* [What this task involves] Omit every picture, then give all the entries again exactly.

Dataset items:
+++

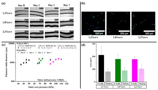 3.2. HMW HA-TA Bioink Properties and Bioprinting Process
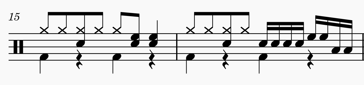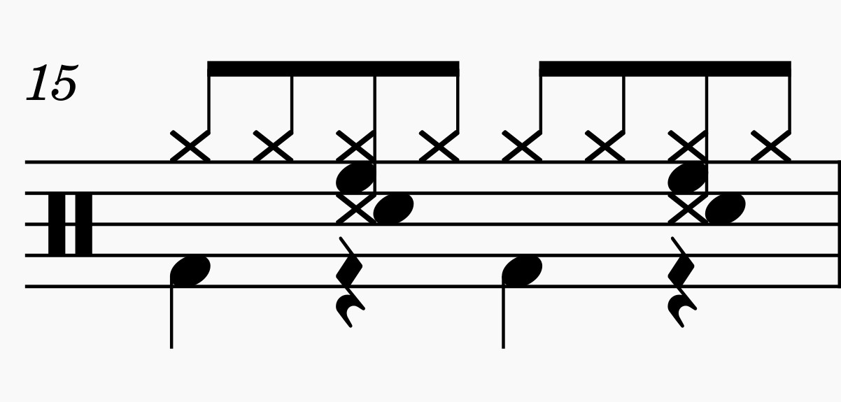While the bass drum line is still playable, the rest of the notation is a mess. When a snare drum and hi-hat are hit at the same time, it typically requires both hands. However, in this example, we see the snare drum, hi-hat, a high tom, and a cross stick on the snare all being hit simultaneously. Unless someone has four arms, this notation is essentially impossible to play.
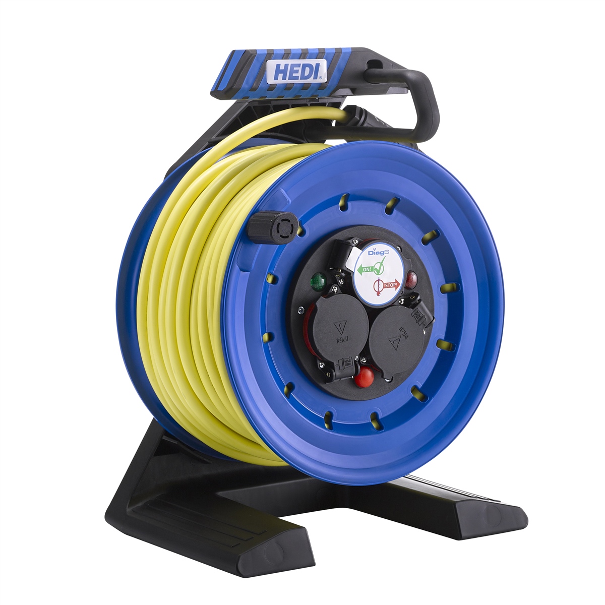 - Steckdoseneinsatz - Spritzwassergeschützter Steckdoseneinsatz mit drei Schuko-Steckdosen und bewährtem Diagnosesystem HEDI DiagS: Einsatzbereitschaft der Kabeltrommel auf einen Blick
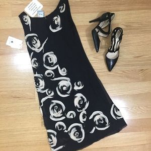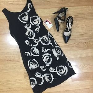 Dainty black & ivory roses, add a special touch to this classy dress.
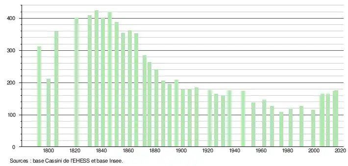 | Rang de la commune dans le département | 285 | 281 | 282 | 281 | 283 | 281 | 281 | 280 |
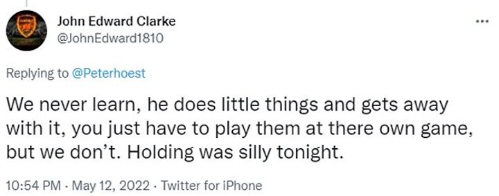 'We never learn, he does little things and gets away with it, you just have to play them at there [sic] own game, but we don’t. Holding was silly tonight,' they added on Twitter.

+++

* [Your solution]
 3.2. HMW HA-TA Bioink Properties and Bioprinting Process
While the bass drum line is still playable, the rest of the notation is a mess. When a snare drum and hi-hat are hit at the same time, it typically requires both hands. However, in this example, we see the snare drum, hi-hat, a high tom, and a cross stick on the snare all being hit simultaneously. Unless someone has four arms, this notation is essentially impossible to play.
 - Steckdoseneinsatz - Spritzwassergeschützter Steckdoseneinsatz mit drei Schuko-Steckdosen und bewährtem Diagnosesystem HEDI DiagS: Einsatzbereitschaft der Kabeltrommel auf einen Blick
 Dainty black & ivory roses, add a special touch to this classy dress.
 | Rang de la commune dans le département | 285 | 281 | 282 | 281 | 283 | 281 | 281 | 280 |
 'We never learn, he does little things and gets away with it, you just have to play them at there [sic] own game, but we don’t. Holding was silly tonight,' they added on Twitter.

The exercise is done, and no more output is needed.